La SARL Gusta Blue Azur réfute la distinction opérée par la banque, M. [T] ayant constaté que les commissions facturées l'ont été à l'occasion des dépassements du découvert autorisé et non pour un service exceptionnel lié à la tenue du compte. Elle observe à cet égard que, selon l'article 6 des conditions générales de l'avenant, toute opération entraînant un dépassement de l'autorisation donnera lieu à la perception automatique d'une commission d'intervention sur les écritures en dépassement.
Sur ce,
L'article 6 des conditions générales de l'avenant, intitulé « Dépassement du montant de l'autorisation », est rédigé comme suit :
« Toute opération entraînant un dépassement du montant de la présente ouverture de crédit indiqué aux conditions particulières ne pourra être considérée comme une acceptation par la banque de l'augmentation de ce montant, une telle acceptation ne pouvant résulter que d'un engagement formel écrit de la banque.
« Tout dépassement non convenu ne pourra donc avoir qu'un caractère exceptionnel et devra en conséquence être régularisé sans délai par le client. ['].
« Toute opération entraînant un dépassement de l'autorisation donnera lieu :
- d'une part, à la perception d'intérêts débiteurs au taux majoré tel qu'indiqué dans les conditions particulières,
- d'autre part, à la perception automatique d'une commission d'intervention sur les écritures en dépassement [...] ».
Il résulte de cette clause que la perception d'intérêts débiteurs et d'une commission d'intervention concerne l'hypothèse spécifique dans laquelle une opération de l'emprunteur a eu pour conséquence un dépassement du plafond du découvert autorisé, fixé en l'occurrence à la somme de 7 000 euros.
Il s'en déduit a contrario qu'aucune commission d'intervention n'est due si l'emprunteur veille à maintenir son découvert en-deçà du plafond contractuel. Seule l'opération de crédit est alors facturée par la banque. Le calcul du TEG s'apprécie uniquement par référence à cette hypothèse.
Le dépassement éventuel du plafond constitue le fait générateur de la commission d'intervention. La banque détermine alors en qualité de teneur de compte si elle rejette l'opération ou si elle l'autorise. Le cas échéant, elle facture alors le crédit octroyé en sa qualité, distincte, de prêteur.
Les calculs de M. [T], qui intègrent le montant des commissions d'intervention, ne démontrent pas l'inexactitude du TEG.
Le jugement entrepris est infirmé en toutes ses dispositions soumises à la cour.

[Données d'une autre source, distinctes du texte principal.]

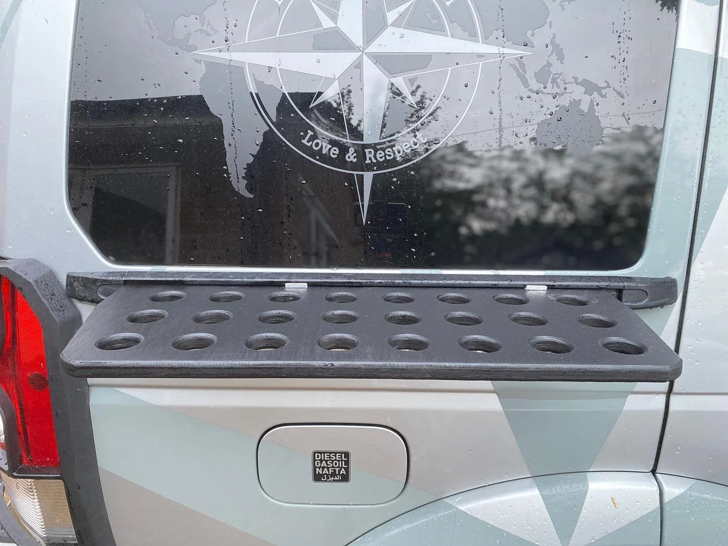 To the rear part of vehicle dominates Prospeed ladder. With that extra step in lower loop, it is the most usable and comfortable (and probably safe) ladder for Discovery to us. Also it has flat step on top which gives you extra stability before steping on rack. And no, it doesn’t interfere with awning.
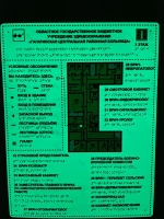 Все обозначения и текст наносятся кириллицей и дублируются шрифтом Брайля, все элементы выпуклые над плоскостью не менее 0,7 мм. Требования для разработки мнемосхемы: Схема расположения помещений в здании (как правило - это целый этаж) с номерами и названиями помещений (доступных для посетителей) с указанием путей эвакуации в случае чрезвычайной ситуации. Необходимо отметить на схеме доступные для инвалидов помещения: гардеробы, раздевалки, лифты, туалеты, столовая. Устанавливается при входе в учреждение с правой стороны на расстоянии от 3 до 5 метров от входа, на высоте 1,2 м. от пола. Рекомендуется рядом с мнемосхемой располагать копию плана эвакуации. Стандартные размеры изделия составляют 321х411мм, 610х470мм, 800х630мм и 905х1150мм. По желанию заказчика мнемосхема может быть изготовлена под любые размеры и из различных материалов.
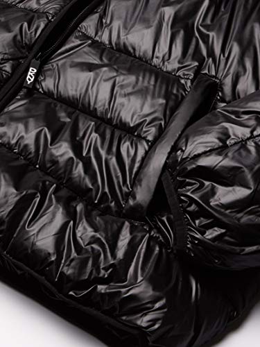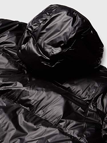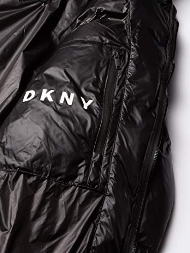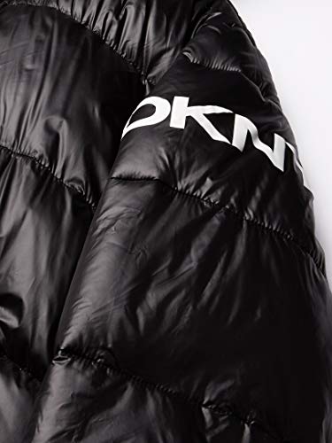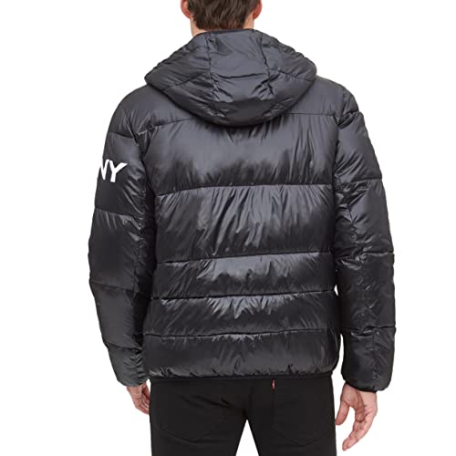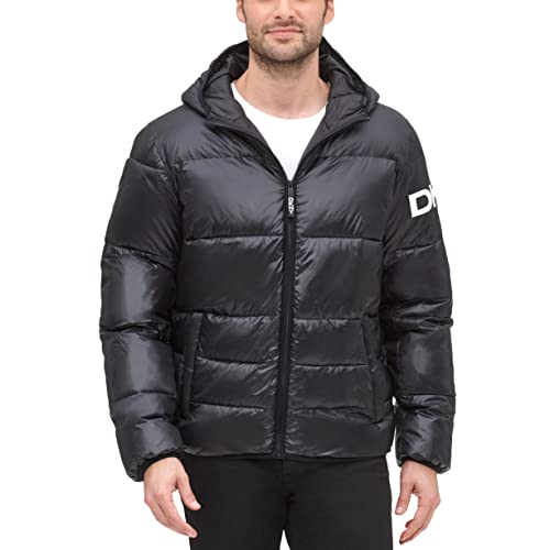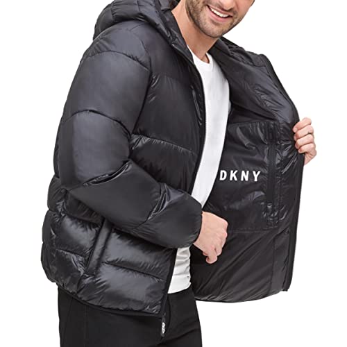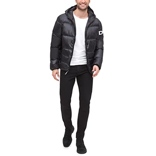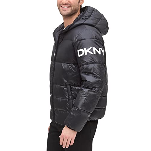DKNY Men's Water Resistant Ultra Loft Hooded Logo Puffer Jacket, black, Large
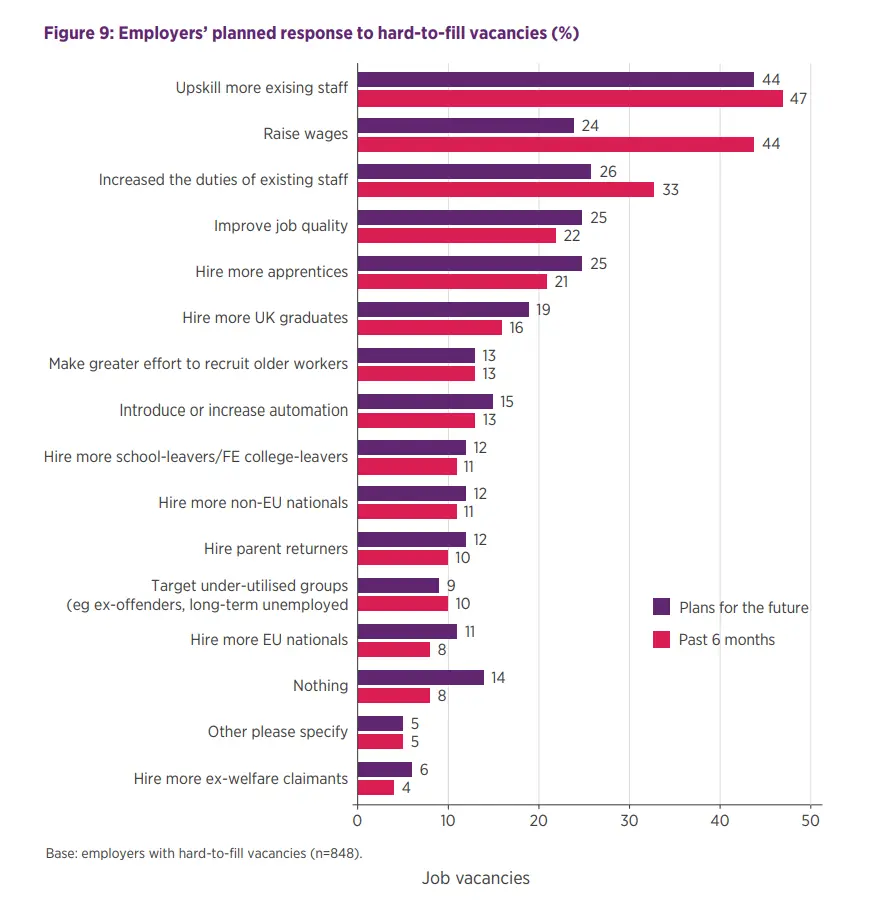 According to a Survey made by CIPD, 46% of recruiting employers have hard-to-fill vacancies. The top response to hard-to-fill vacancies has been to upskill existing staff (47%), followed by raising pay (44%), which is up from 29% in the previous quarter. However, fewer employers plan to raise wages in the future in response to hard-to-fill vacancies (24%).

Sur la dénonciation de la convention de compte courant :
La SARL Gusta Blue Azur estime que la banque a méconnu le principe de bonne foi dans l'exécution des conventions et profité d'une situation de domination économique, non seulement en multipliant des commissions d'intervention sans réel objet, mais encore en dénonçant la convention par courrier recommandé avec avis de réception le 15 juillet 2019.
La Société Générale objecte exactement que le banquier a la liberté de rompre une convention de compte à durée indéterminée, et qu'il n'est pas tenu de motiver sa décision, sauf à respecter un préavis légal de deux mois (article L.312-1-1 du code monétaire et financier) qui en l'espèce a bien été notifié (pièce 11 de l'intimé).
La SARL Gusta Blue Azur est déboutée de sa demande d'indemnisation.
Sur les demandes annexes :
L'équité ne justifie pas l'application des dispositions de l'article 700 du code de procédure civile.
Conformément à l'article 696 du code de procédure civile, la SARL Gusta Blue Azur est condamnée aux dépens de première instance et d'appel.
PAR CES MOTIFS
La Cour,
Infirme le jugement entrepris en toutes ses dispositions soumises à la cour.
Statuant à nouveau,
Déboute la SARL Gusta Blue Azur de toutes ses demandes.
Dit n'y avoir lieu à faire application des dispositions de l'article 700 du code de procédure civile.
Condamne la SARL Gusta Blue Azur aux entiers dépens de première instance et d'appel.